Au niveau de LaLiga EA Sports, l'UD Las Palmas figure parmi les clubs avec la dette totale la plus faible, la moyenne de la compétitions se situant à 369,75 millions d'euros. Toutefois, ce niveau d'endettement modéré en valeur absolue masque une structure financière encore fragile. En effet, bien que la dette du club ait reculé après un pic en 2021/2022 (57,71 millions d'euros), elle reste élevée par rapport à ses capitaux propres, qui ont fondu entre 2020 et 2023 avant de se stabiliser à un niveau bas (11,82 millions d'euros).
Le ratio dette / capitaux propres ressort ainsi à plus de 4,5 en 2023/2024, ce qui témoigne d'un déséquilibre persistant. Par ailleurs, si le retour en Liga a permis d'améliorer nettement le ratio dette / chiffre d'affaires net (passé de 300 % à 76 %), le club reste dans une phase de transition où la consolidation de sa situation financière constitue un enjeu majeur à moyen terme.
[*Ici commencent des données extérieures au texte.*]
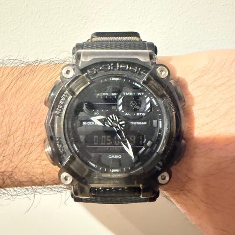 Casio G-Shock armbandsur i svart utförande. Klockan har analog och digital visning samt robust boett och armband i syntetmaterial. Visarna är tydligt markerade och urtavlan har flera funktionsfönster. Modellen är utformad för vardagsbruk och aktiviteter där en tålig klocka behövs.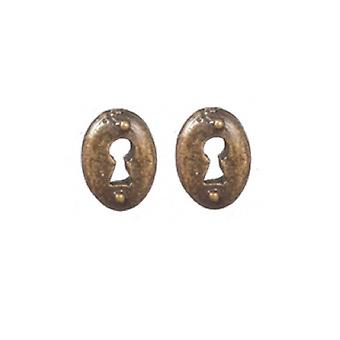 دمى البيت العتيقة النحاس البيضاوي لوحات ثقب المفتاح مصغرة 1:12 باب الأثاث

La saison 2023/2024 marque une étape importante dans la trajectoire récente de l'UD Las Palmas. Sportivement, le maintien en Liga confirme la solidité du projet mené par le club ; financièrement, les résultats traduisent une gestion rigoureuse, capable de transformer un rebond conjoncturel en levier structurel. Entre croissance spectaculaire du chiffre d'affaires, retour à la rentabilité et réorganisation stratégique de la dette, le club amarillo s'offre un bol d'air, sans pour autant se départir de sa prudence. Si les marges de manœuvre restent étroites dans un championnat toujours polarisé, le club insulaire démontre qu'une ascension maîtrisée est possible - à condition de conjuguer ambition sportive, discipline budgétaire et constance stratégique.